## About this task
Your response should consist of the entries below, reproduced exactly and without their images.

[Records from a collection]
====

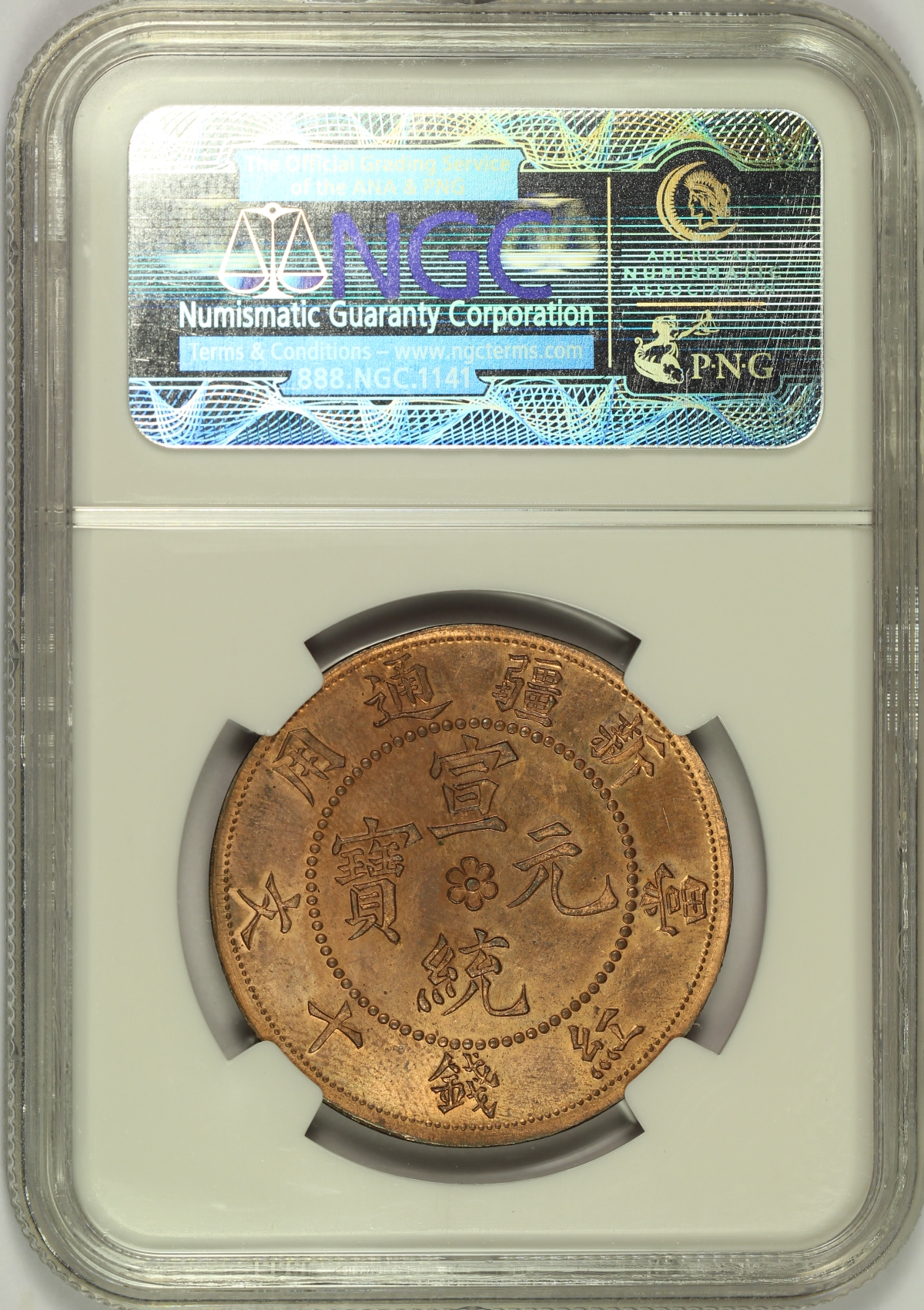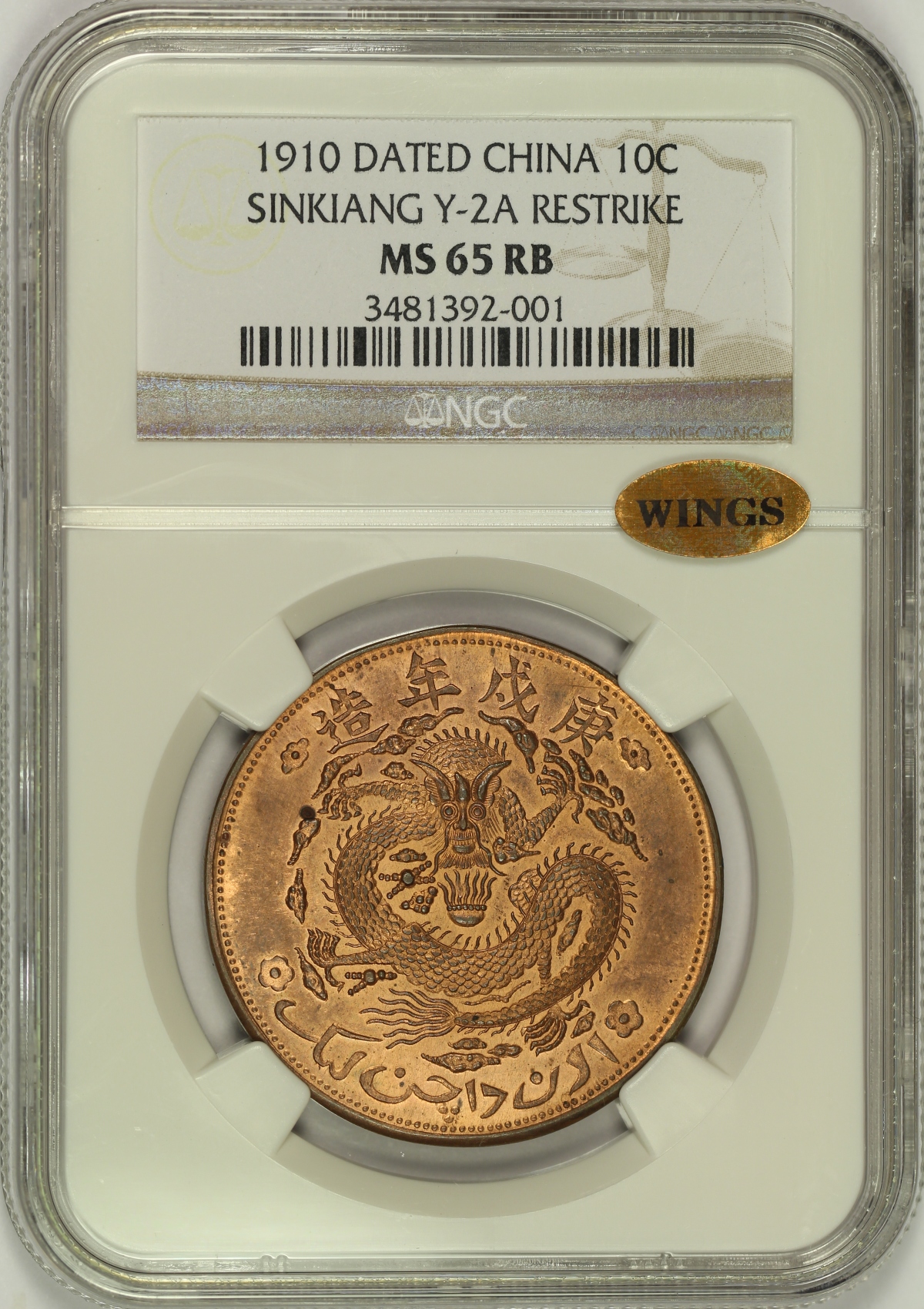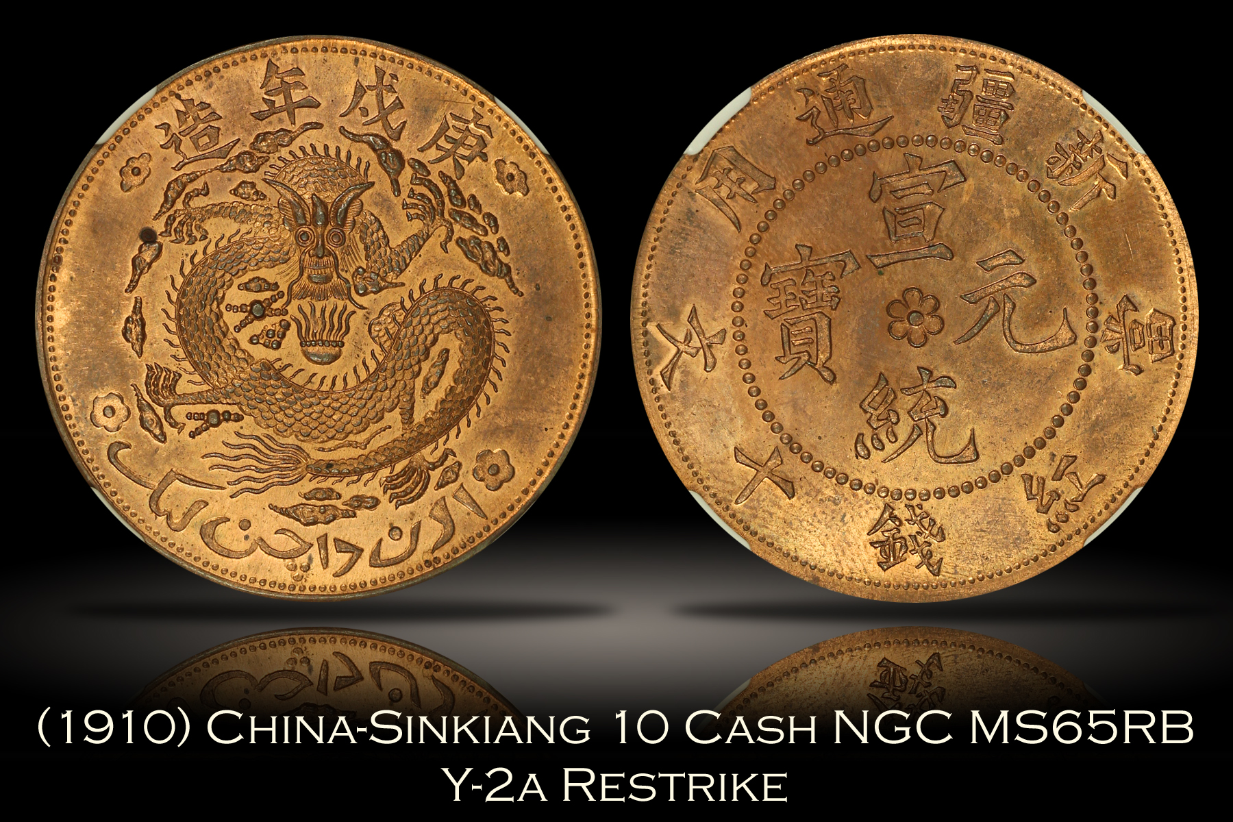 (1910) China-Sinkiang 10 Cash Restrike NGC MS65RB Wings
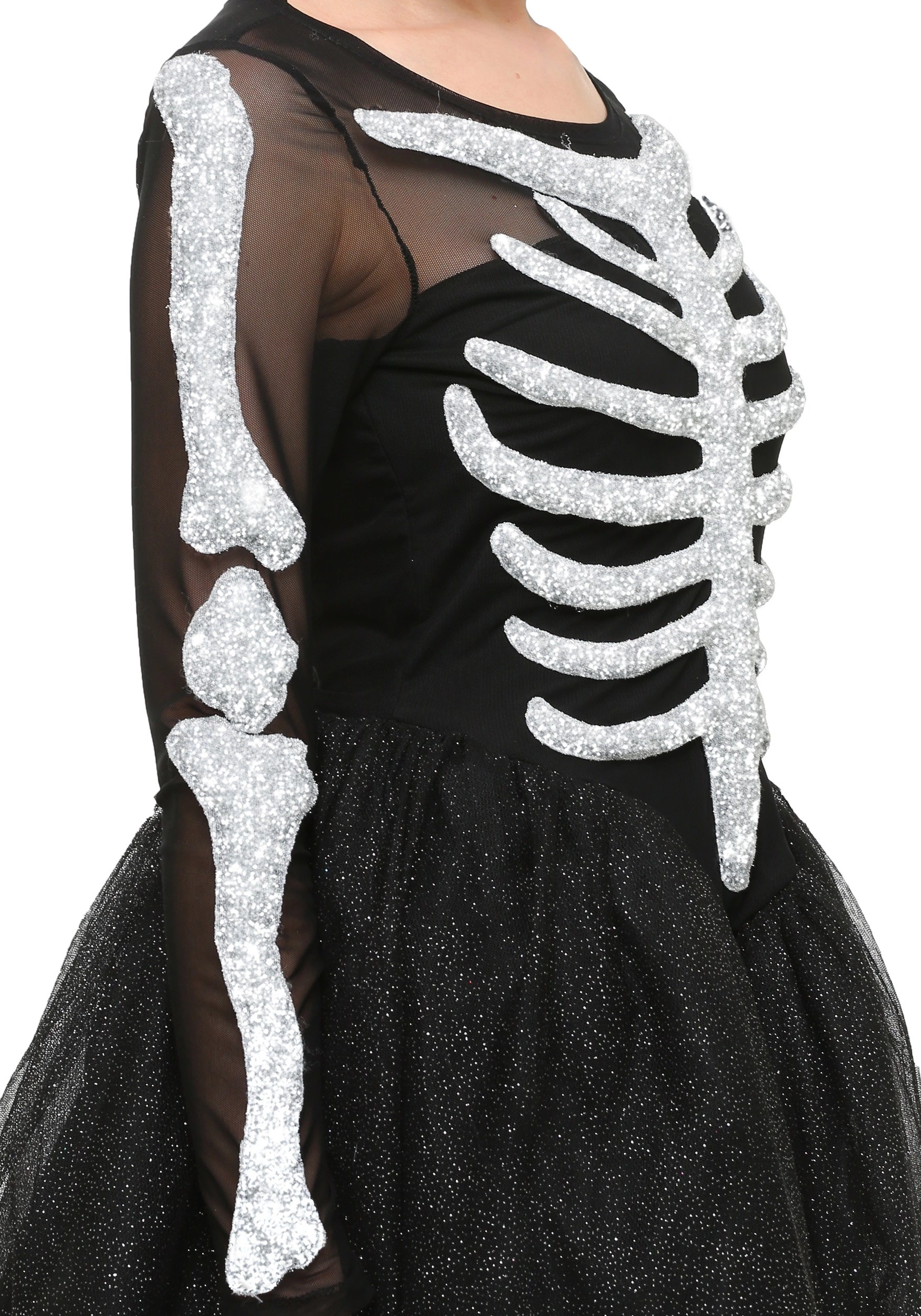 - Glittery 3 dimensional skeleton detail sewn to chest and arms
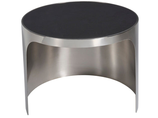Universal FurnitureThe Revolve Small Nesting Table features a smooth, cool black granite top in a rounded shape, elegantly resting on a Polished Nickel base. This pie...
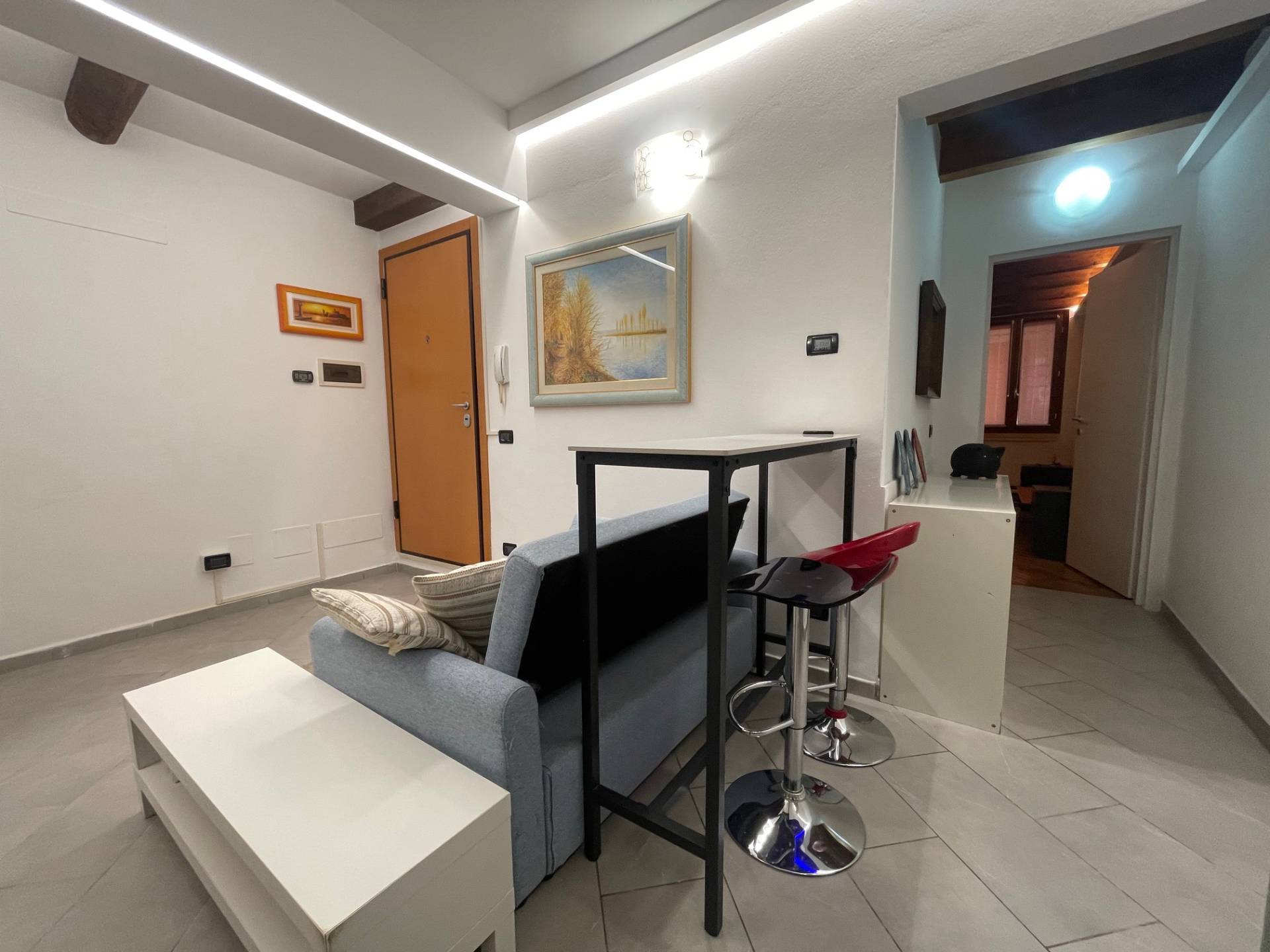 Ingresso su soggiorno con angolo cottura, porta finestra che fa accedere ad un piccolo giardino interno riservato completamente pavimentato, dotato di attacchi acqua.
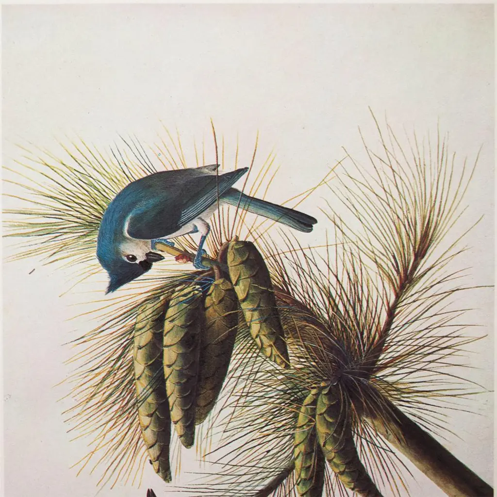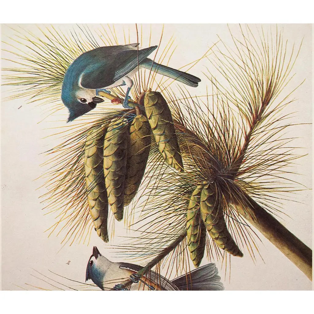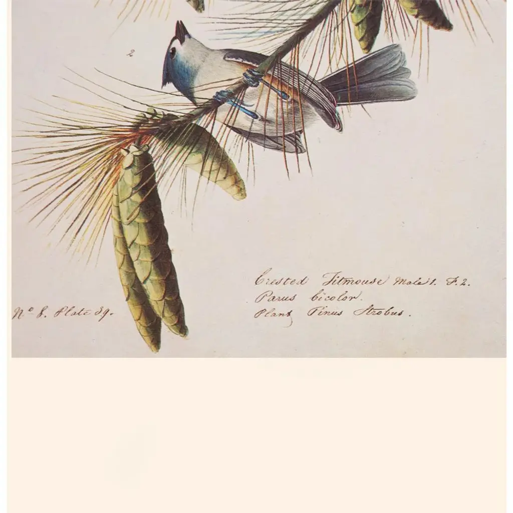 A stunning vintage American Classical, Traditional, Rustic, Farmhouse, Cottage or Chinoiserie Style reproduction of the original lithographic print of Tufted or Crested Titmouse After John James Audubon. Comes from The Birds of America book by Audubon, published in the U.S. in 1966. Signed in the print. Very detailed. Excellent condition - minor edge wear, never framed. Overall 10.25"W x 13.25"H Image 6.25"W x 10"10"H

====

## Written answer
 (1910) China-Sinkiang 10 Cash Restrike NGC MS65RB Wings
 - Glittery 3 dimensional skeleton detail sewn to chest and arms
Universal FurnitureThe Revolve Small Nesting Table features a smooth, cool black granite top in a rounded shape, elegantly resting on a Polished Nickel base. This pie...
 Ingresso su soggiorno con angolo cottura, porta finestra che fa accedere ad un piccolo giardino interno riservato completamente pavimentato, dotato di attacchi acqua.
 A stunning vintage American Classical, Traditional, Rustic, Farmhouse, Cottage or Chinoiserie Style reproduction of the original lithographic print of Tufted or Crested Titmouse After John James Audubon. Comes from The Birds of America book by Audubon, published in the U.S. in 1966. Signed in the print. Very detailed. Excellent condition - minor edge wear, never framed. Overall 10.25"W x 13.25"H Image 6.25"W x 10"10"H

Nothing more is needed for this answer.